WHAT TO DO
Repeat only the lines from the one containing "10 цен на Ширма" to the final line below, exactly as they read, and leave every picture out.
···
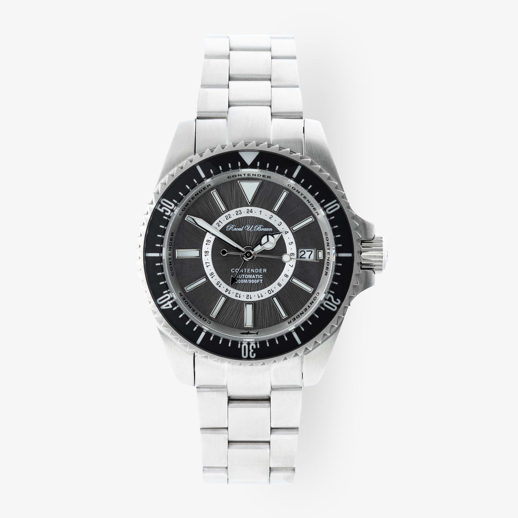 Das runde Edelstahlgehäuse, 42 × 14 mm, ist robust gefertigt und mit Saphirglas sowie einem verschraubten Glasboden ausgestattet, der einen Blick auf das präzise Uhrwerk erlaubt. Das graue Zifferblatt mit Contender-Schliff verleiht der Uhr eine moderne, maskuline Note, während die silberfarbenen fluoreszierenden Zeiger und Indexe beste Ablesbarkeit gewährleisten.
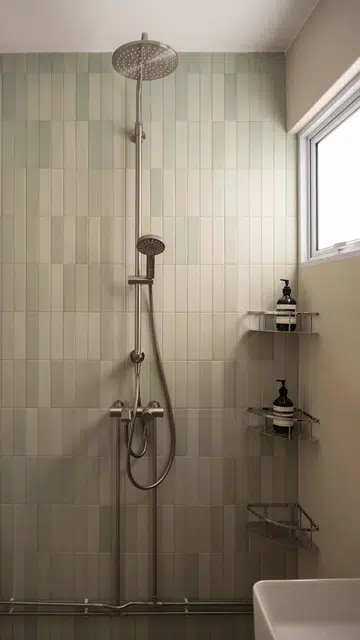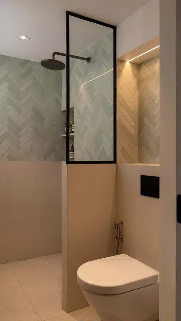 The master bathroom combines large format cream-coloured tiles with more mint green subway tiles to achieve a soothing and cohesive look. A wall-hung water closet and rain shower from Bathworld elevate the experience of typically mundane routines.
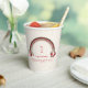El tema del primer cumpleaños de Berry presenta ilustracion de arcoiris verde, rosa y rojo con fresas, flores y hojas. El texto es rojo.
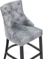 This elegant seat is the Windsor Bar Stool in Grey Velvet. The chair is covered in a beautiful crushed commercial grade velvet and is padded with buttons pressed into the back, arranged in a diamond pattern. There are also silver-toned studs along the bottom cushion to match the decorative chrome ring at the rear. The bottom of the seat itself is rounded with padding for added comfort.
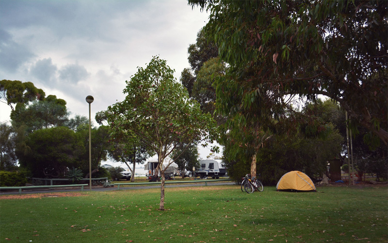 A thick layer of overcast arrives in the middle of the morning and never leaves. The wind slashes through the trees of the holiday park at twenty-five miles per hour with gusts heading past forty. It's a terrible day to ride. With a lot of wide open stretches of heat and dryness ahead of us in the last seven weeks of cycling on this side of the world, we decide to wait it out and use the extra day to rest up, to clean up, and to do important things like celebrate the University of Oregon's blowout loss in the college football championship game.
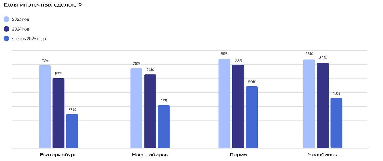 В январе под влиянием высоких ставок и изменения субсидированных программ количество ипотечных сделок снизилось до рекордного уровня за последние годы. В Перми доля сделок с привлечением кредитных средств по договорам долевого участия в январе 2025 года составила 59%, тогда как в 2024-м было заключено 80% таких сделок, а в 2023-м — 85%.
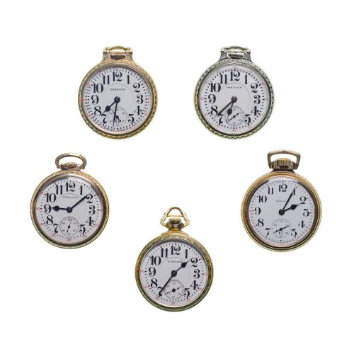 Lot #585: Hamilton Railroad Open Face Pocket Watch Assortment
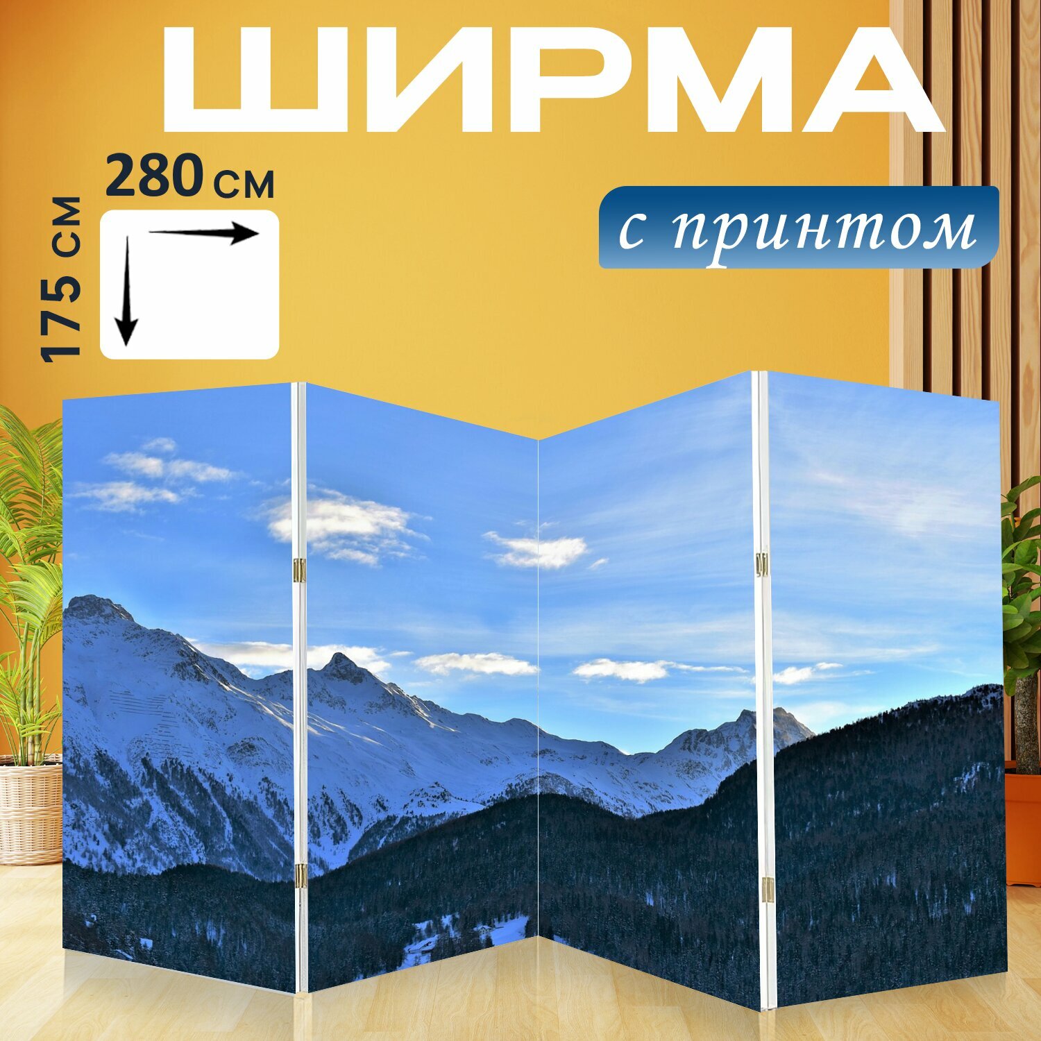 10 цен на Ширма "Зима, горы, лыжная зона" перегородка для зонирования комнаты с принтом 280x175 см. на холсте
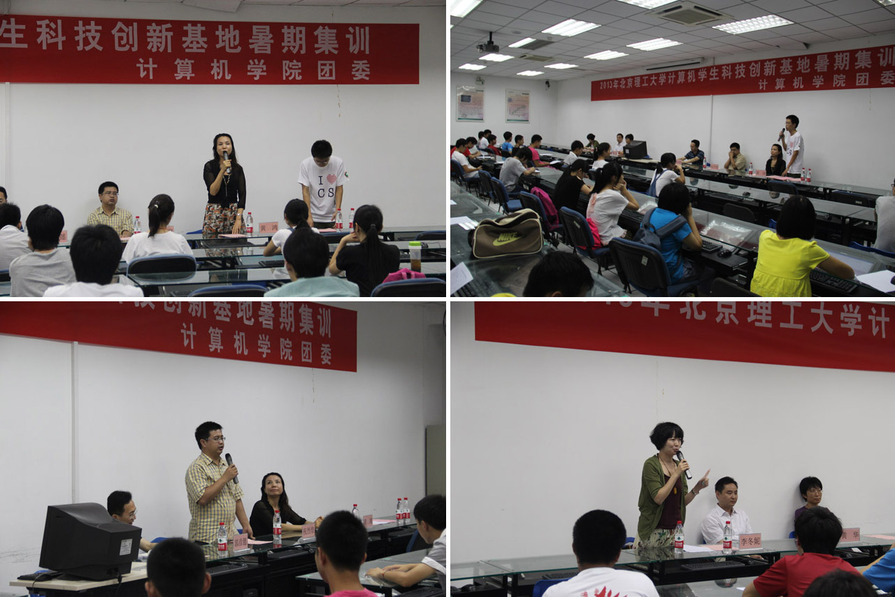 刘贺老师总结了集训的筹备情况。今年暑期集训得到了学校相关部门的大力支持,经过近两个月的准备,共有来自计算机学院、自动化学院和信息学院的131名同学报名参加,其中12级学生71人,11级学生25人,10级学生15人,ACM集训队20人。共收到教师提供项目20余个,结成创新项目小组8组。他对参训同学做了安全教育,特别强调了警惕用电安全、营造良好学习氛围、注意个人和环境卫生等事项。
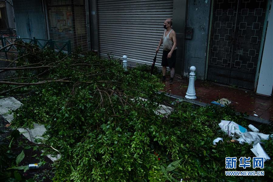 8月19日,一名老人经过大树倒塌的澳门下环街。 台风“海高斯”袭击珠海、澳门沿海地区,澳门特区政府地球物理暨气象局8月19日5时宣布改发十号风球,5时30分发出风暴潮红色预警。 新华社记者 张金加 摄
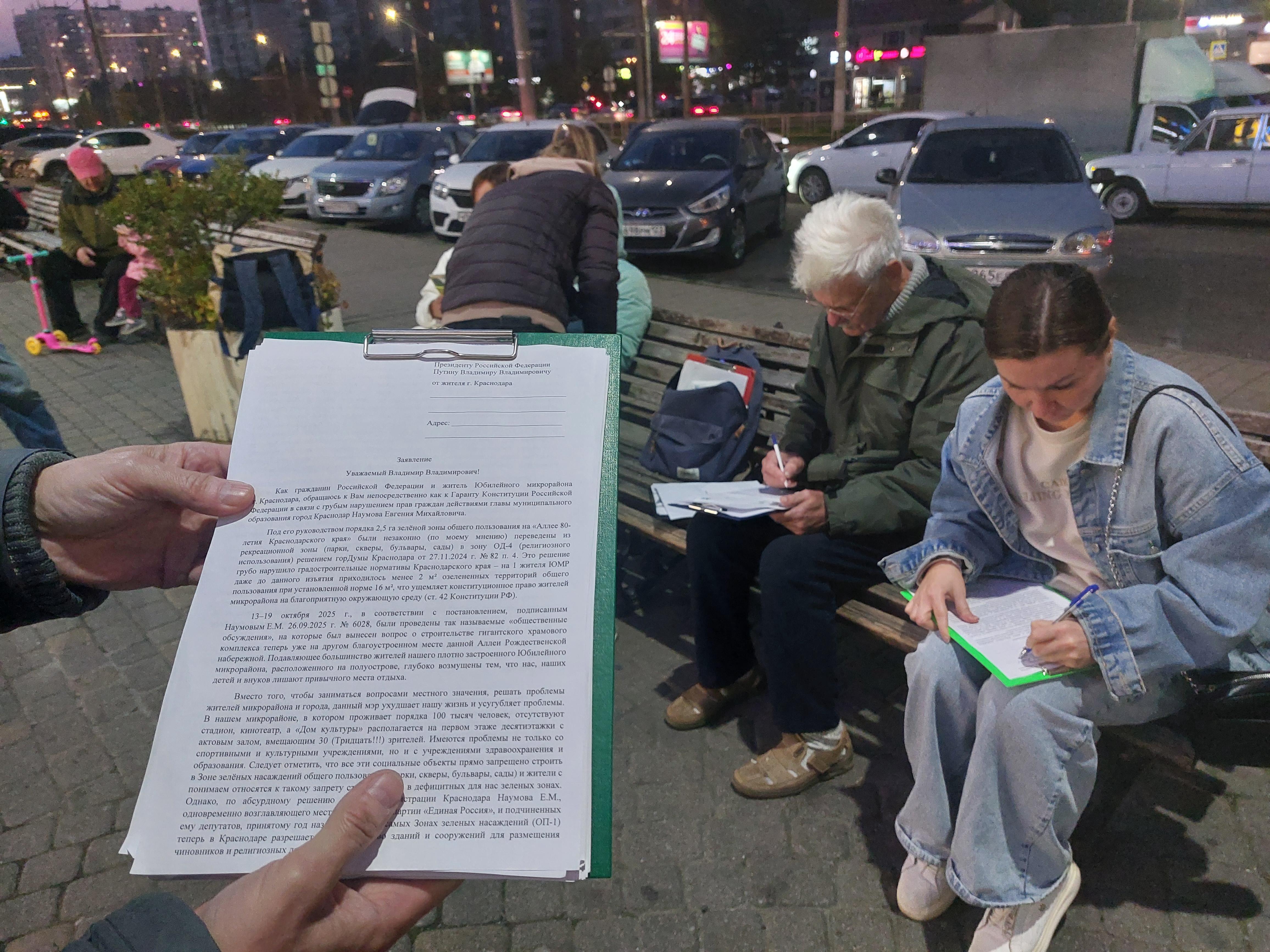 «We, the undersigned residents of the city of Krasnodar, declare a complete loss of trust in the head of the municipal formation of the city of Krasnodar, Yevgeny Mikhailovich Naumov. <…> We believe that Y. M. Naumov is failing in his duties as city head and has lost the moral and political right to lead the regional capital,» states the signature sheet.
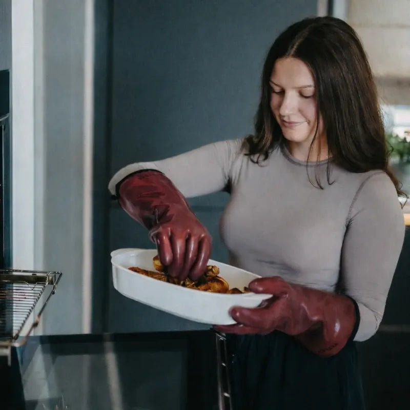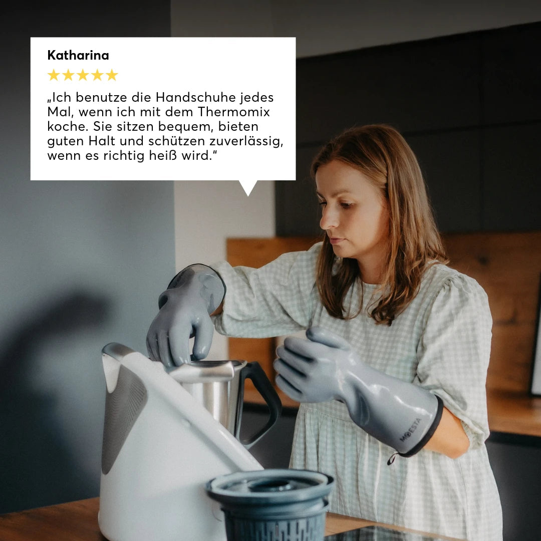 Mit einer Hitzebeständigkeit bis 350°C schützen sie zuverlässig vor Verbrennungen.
···
TASK SOLUTION
 10 цен на Ширма "Зима, горы, лыжная зона" перегородка для зонирования комнаты с принтом 280x175 см. на холсте
 刘贺老师总结了集训的筹备情况。今年暑期集训得到了学校相关部门的大力支持,经过近两个月的准备,共有来自计算机学院、自动化学院和信息学院的131名同学报名参加,其中12级学生71人,11级学生25人,10级学生15人,ACM集训队20人。共收到教师提供项目20余个,结成创新项目小组8组。他对参训同学做了安全教育,特别强调了警惕用电安全、营造良好学习氛围、注意个人和环境卫生等事项。
 8月19日,一名老人经过大树倒塌的澳门下环街。 台风“海高斯”袭击珠海、澳门沿海地区,澳门特区政府地球物理暨气象局8月19日5时宣布改发十号风球,5时30分发出风暴潮红色预警。 新华社记者 张金加 摄
 «We, the undersigned residents of the city of Krasnodar, declare a complete loss of trust in the head of the municipal formation of the city of Krasnodar, Yevgeny Mikhailovich Naumov. <…> We believe that Y. M. Naumov is failing in his duties as city head and has lost the moral and political right to lead the regional capital,» states the signature sheet.
 Mit einer Hitzebeständigkeit bis 350°C schützen sie zuverlässig vor Verbrennungen.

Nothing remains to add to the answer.